Fifteen megatons of TNT would set off a blast a thousand times more powerful than the weapon used on Hiroshima. 2000 square kilometers of flattened pine forest near the Podkamennaya Tunguska River in central Siberia bear witness to what such a blast can do. That explosion occurred on June 30, 1908 [original typo said ‘2008,’ an obvious mistake!], and we’re learning more about it. The Tunguska event seems to have been an air blast occurring at an altitude between five and ten kilometers. The presumed cause: A small asteroid slamming into our atmosphere at speeds in the range of 15-30 kilometers per second.

Tunguska damage

But just how big was the asteroid? I’ve seen estimates in the range of 50-100 meters in diameter, but we know surprisingly little about the object. No fragments exist. The effects of the fireball and blast wave are apparent (and there are eyewitness accounts of hot winds and shaking buildings), but there is no crater at the epicenter of the blast. We’re left to calculate the parameters of the object through its effect and its presumed composition and speed as it entered the atmosphere.
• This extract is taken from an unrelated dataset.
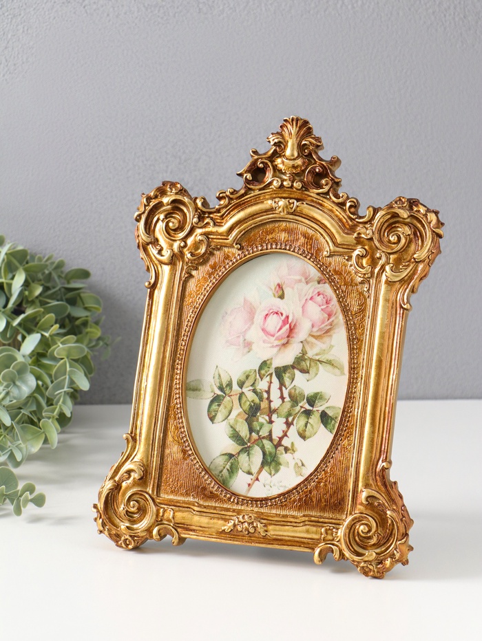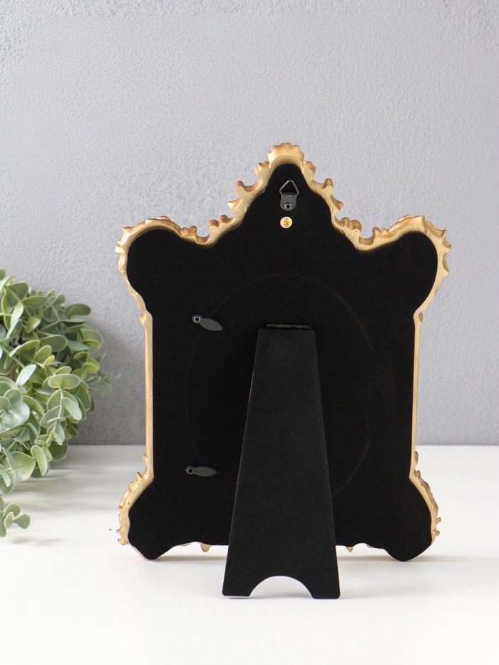 Эта золотистая фоторамка для одного снимка — универсальный аксессуар для вашего интерьера. Она подчеркнёт ценность особенного момента, обрамляя его в элегантную форму овала под стеклом. Благодаря классическому дизайну с орнаментом, рамка органично впишется в разные стили оформления — от кабинета до гостиной.

New work at Sandia National Laboratories suggests something that is worrisome indeed. I’m going to let Sandia’s Mark Boslough deliver the bad news:

“The asteroid that caused the extensive damage was much smaller than we had thought. That such a small object can do this kind of destruction suggests that smaller asteroids are something to consider. Their smaller size indicates such collisions are not as improbable as we had believed… We should be making more efforts at detecting the smaller ones than we have till now.”

The Sandia work uses a supercomputer to match the known facts with their probable cause. The devastation delivered by the Tunguska object slammed into the ground in the form of a high-temperature jet of expanding gas. The fireball turns out to be more efficient than we realized, creating a blast wave and thermal radiation at the surface stronger than would have been predicted simply by modeling an explosion at the assumed altitude. New models of the fireball show that the energy it transported to the surface is consistent with only a three to five megaton blast, much smaller than originally thought.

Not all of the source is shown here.